Gwendy looks at the co-pilot who had introduced himself just minutes earlier when she first boarded the eight-seat private plane, but she’s already forgotten his name. “No, it’s fine. I packed my laptop and I’ll probably fiddle around with some work once we’re in the air.”
“Very well,” he says. “We should be taking off in about twenty minutes.” He gives her a reassuring smile—the kind that says, Your life is in my hands, lady, but I slept great last night and only did a little bump of cocaine this morning, so hey it’s all good—and ducks back into the cockpit.
Gwendy yawns and looks out the window at the busy runway. The last thing she wants to do during the short flight is fiddle with her laptop. She’s exhausted from not sleeping the night before and in a foul mood. Not even forty-eight hours have passed since the button box’s return to her life, and she’s already moved on from shock and curiosity to anger and resentment. She glances at her carry-on suitcase, tucked underneath the seat in front of her, and fights the urge to check on the box again.
Squeezing her eyes shut, she tries to silence the obsessive voice chattering away in the back of her head, and abruptly snaps them open again when she realizes she’s dozing off. Sleeping with the box unsecured might not be such a smart idea, she decides.
“Is it safe?” she suddenly asks out loud, without intending to. She looks down at the suitcase again. The flight is less than ninety minutes long. What’s the worst that can happen if she takes a little catnap? She doesn’t know and she’s not willing to find out. She can sleep when she gets home.
Is it safe? She’s thinking of the old Dustin Hoffman movie now with the evil Nazi dentist. Is it safe?
When it comes to the button box, Gwendy knows the answer to that question. The box is never safe. Not really.
“We’re number two for take-off, Congresswoman,” the co-pilot says, peeking out from the cockpit. “We should have you on the ground in Castle Rock a few minutes before noon.”
22
IF GWENDY’S BEING HONEST with herself—and as the King Air 200 climbs high in the clouds above a muddy tw
ist of Potomac River she’s determined to be exactly that—she has to admit that her crummy mood this morning is coming from one overwhelming source: a long-forgotten memory from her youth.
It was a mild and breezy August day shortly before the start of her tenth-grade year in high school, and Gwendy just finished running the Suicide Stairs for the first time in months. When she reached the top, she sat and rested on the same Castle View bench where years earlier she’d first met a man named Richard Farris. She stretched her legs for a moment, and then she leaned her head back and closed her eyes, enjoying the feel of the sun and the wind on her face.

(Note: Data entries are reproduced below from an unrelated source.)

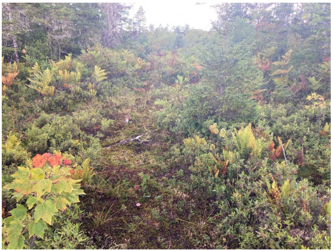
Photo 4.3 Example of Bog Wetland observed within Bear Lake II Study Area, showing sparse tree cover, abundant ericaceous shrubs, and thick carpet of peatmosses ( Sphagnum spp.).

Of the 81 wetlands assessed at Bear Lake, only one (<1%) had a strongly dominant bog component; though bog conditions were present in at least two other wetlands in smaller proportions. Details of the wetland vegetation, hydric soils, and hydrology of the wetland is provided in Appendix C.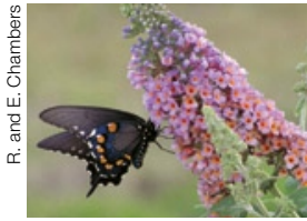
Butterfly bush Buddleia davidi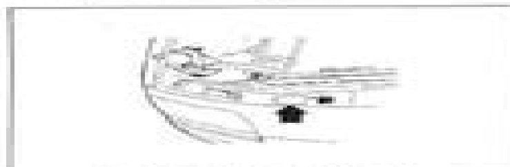
Fig. 1 VIN plate location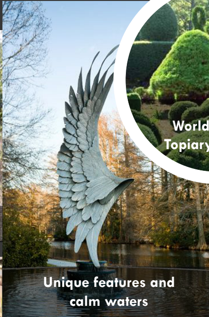
Unique features and calm waters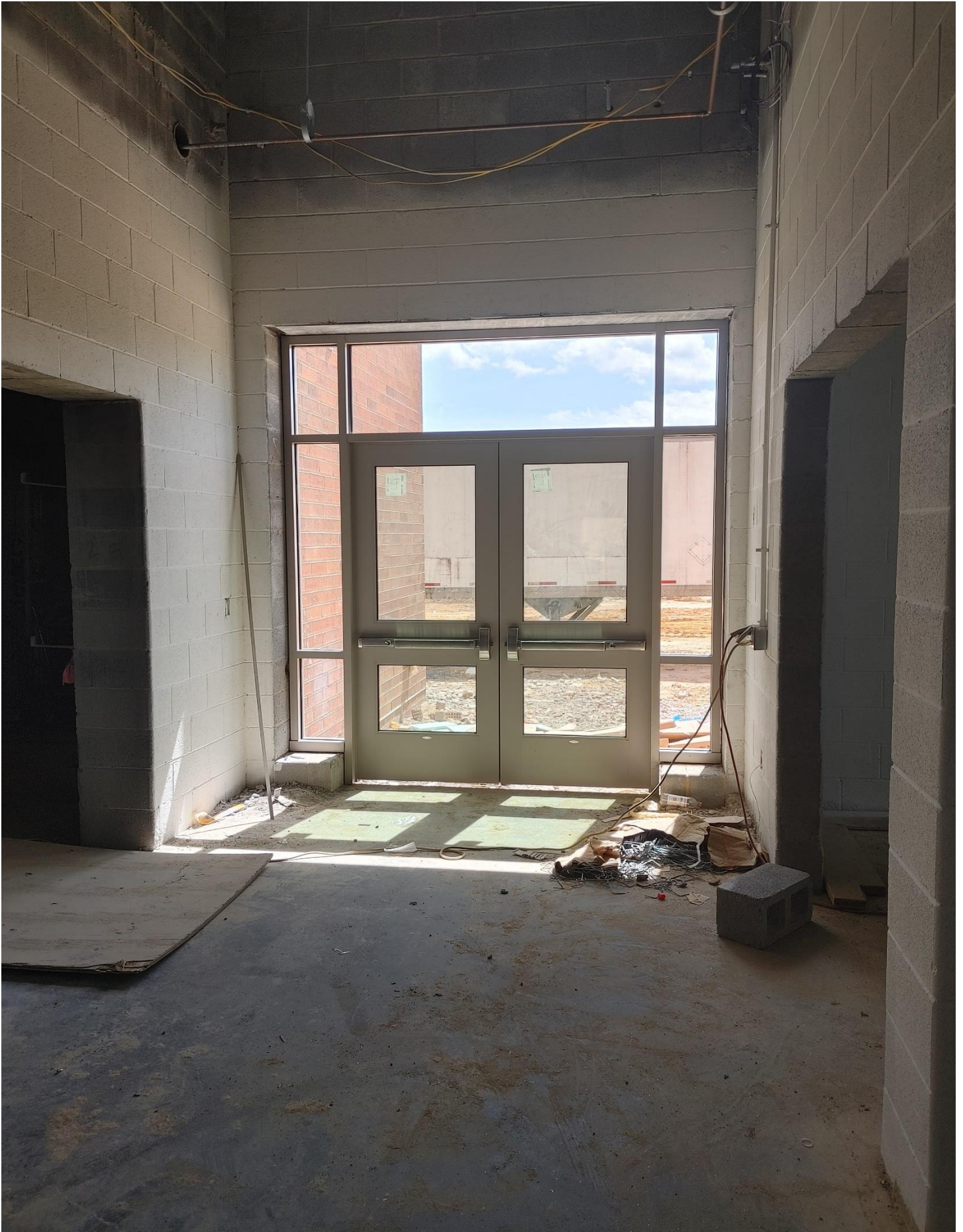
Photo 6 - Doors have been set in SF21.

The question that had bloomed in her mind while sitting on the bench that long ago summer day resurfaced—and rather rudely—earlier this morning as Gwendy was busy cushioning the button box in her carry-on bag with rolled up wads of socks and sweaters: How much of her life is her own doing, and how much the doing of the box with its treats and buttons?

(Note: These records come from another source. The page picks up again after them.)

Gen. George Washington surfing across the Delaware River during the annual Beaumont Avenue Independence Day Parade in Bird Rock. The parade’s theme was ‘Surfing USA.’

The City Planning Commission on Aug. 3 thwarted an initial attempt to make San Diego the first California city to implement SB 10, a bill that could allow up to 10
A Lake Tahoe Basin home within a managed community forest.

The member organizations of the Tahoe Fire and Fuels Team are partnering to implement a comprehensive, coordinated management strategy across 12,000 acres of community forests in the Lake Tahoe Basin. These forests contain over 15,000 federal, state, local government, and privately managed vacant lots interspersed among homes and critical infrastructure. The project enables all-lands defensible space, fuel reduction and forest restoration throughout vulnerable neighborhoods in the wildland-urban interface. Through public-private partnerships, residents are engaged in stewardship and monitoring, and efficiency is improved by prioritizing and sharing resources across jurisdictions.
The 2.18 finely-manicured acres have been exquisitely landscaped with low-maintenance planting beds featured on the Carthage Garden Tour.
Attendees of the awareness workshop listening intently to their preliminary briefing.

The memory—and the central thought contained within that memory—was almost enough to make Gwendy scream in rage and fling the box across the bedroom like a toddler in the midst of a temper tantrum.
No matter how she looks at it, Gwendy knows she’s led what most people would call a charmed life. There was the scholarship to Brown, the writers’ workshop in Iowa, the fast-track job at the ad agency, and of course, the books and movies and Academy Award. And then there was the election, what many pundits called the biggest political upset in Maine history.
Sure, there were failures along the way—a lost advertising account here, a film option that didn’t pan out there, and her love life before Ryan could probably best be described as a barren desert of disappointment—but there weren’t too many, and she always bounced back with an ease of which others were envious.